Second, it can also be argued that complex educational films require interaction opportunities that go beyond local regulation of information intake by control of presentation speed and allow for direct access of information within a given video . In order to address this issue, we implemented additional tools for information access into an educational film about post-war Germany that were analogous to those in textbooks such as the table of content and alphabetical register (Merkt et al., 2011). Both in the laboratory and in a classroom setting, we found that students used these interactive options only to a small degree. Accordingly, while the interactive features did help students to quickly locate certain bits of information in the film, it did not substantially improve the quality of students’ essays about the film’s topic (Merkt et al., 2011). In a second study, students’ lack of appropriate usage strategies could be identified as one important reason for these findings (Merkt & Schwan, 2014). Thus, if interactive features like a table of contents and an alphabetical register were available and students were trained in active use of videos, these features would not only be used to a substantial degree but also would increase the quality of the students’ essays about the film’s historical content.

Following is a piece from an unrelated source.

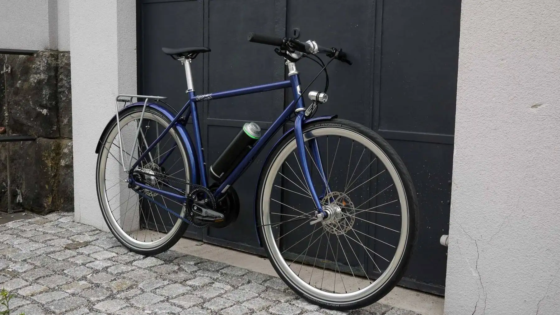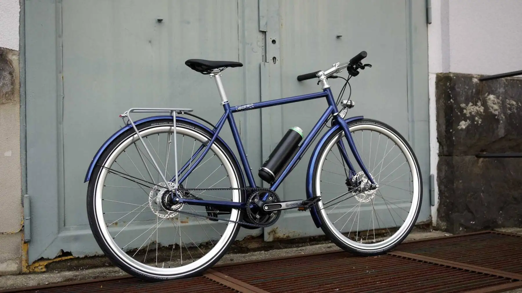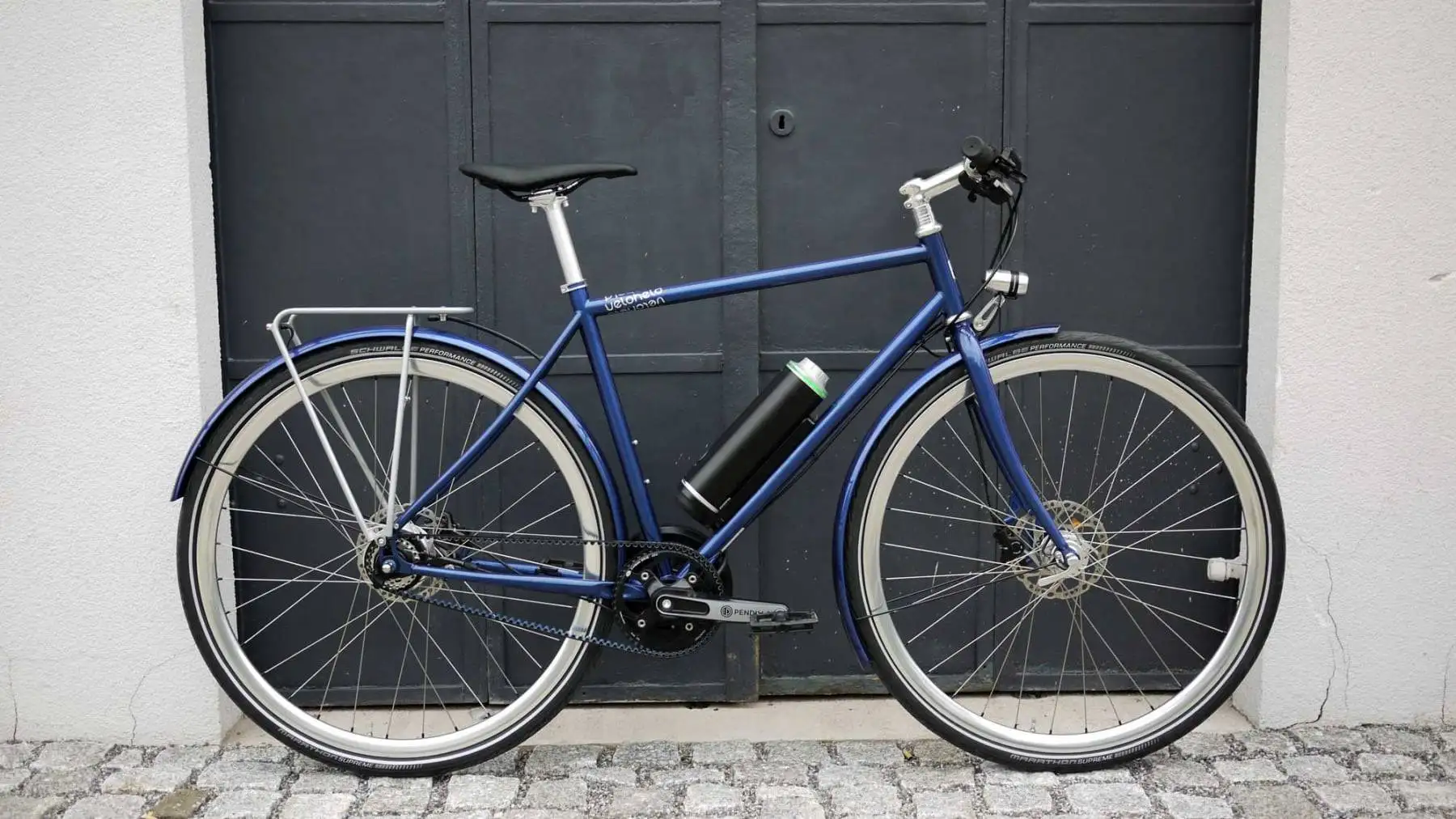 …für alle, die etwas Unterstützung beim Radeln wollen – unser veloheld.lane gibt es seit Kurzem auch als Pedelec. Und dies natürlich auch in Wunschfarbe und Ausstattung, wie dieses veloheld.e-lane in Perlnachtblau (RAL 5026) in Größe S mit silbernen Komponenten. Bis 25 km/h unterstützt der Pendix Antrieb mit dem sicherlich schönsten Akku für Stahlrahmen. In Verbindung mit dem wartungsarmen Gates Riemenantrieb und der 11-Gang Shimano Alfine Nabe ist das Rad perfekt für den Stadtbetrieb ausgestattet.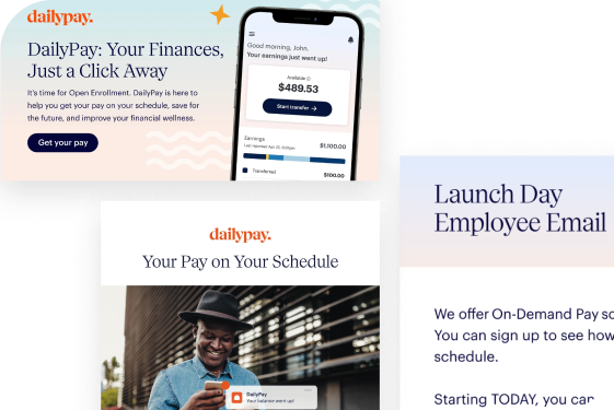 With DailyPay your employees get control over their pay without adding extra work for your payroll l team. Our suite of powerful tools makes it easy to manage your DailyPay program, access valuable insights, and enhance your business operations.

Taken together, the reported findings indicate that introducing possibilities for interaction into realistic moving images is not as simple as it seems at first sight. On the one hand, interactivity gives learners new ways of controlling a video’s flow of information, thereby adapting it to her individual cognitive needs. On the other hand, control options not only presuppose some knowledge and skills for appropriate use, but also require additional mental resources for planning and execution (Scheiter, 2014). Also, in contrast to real-life events, realistic moving images may already be designed for learning and knowledge acquisition without the necessity of leaving optimizing information presentation up to the learner herself. For example, by extending film shots or by introducing explicit brief pauses, information density can be reduced and effects of transience minimized without requiring viewers to plan and execute pauses themselves. Further research on the interplay of shaping information presentation by film design versus by the learners’ individual activity is needed, in particular, against the backdrop of a proliferation of video material on the Internet.

Conclusion

Due to the digitalization of everyday life, today we face a continuous blurring of the distinction between the real and the virtual. As part of this process, digital types of realistic images including photographs, videos, or virtual reality renderings play an increasingly important role in learning scenarios. This is particularly true for informal learning settings such as museums, television, or the Internet, where realistic visualizations offer the opportunity to present content in a vivid, motivating, and comprehensible way (Glaser, Garsoffky, & Schwan, 2009, 2012; Schwan, Grajal, & Lewalter, 2014; Töpper, Glaser, & Schwan, 2014). While research on differences and commonalities between text and pictures has a long-standing tradition in educational psychology, this chapter aimed to outline a complementary perspective of comparing realistic depictions with conditions of real-life experience. Despite all its similarities, digital images (both static and moving) are not simply reflections of reality, but should instead be seen as purposefully designed modes of presenting information in a comprehensible way. This can be achieved by numerous strategies, ranging from carefully staging objects or events to use of cinematographic techniques to addition of guiding cues or supplementary explanations. This blending of realism with didactical design not only leads to unique forms of learning material that stand in-between real-life experiences and symbolic forms of information presentation (like texts or graphs), but opens up a number of fundamental research questions regarding the relationship between vivid life-like experiences and processes of learning and knowledge acquisition.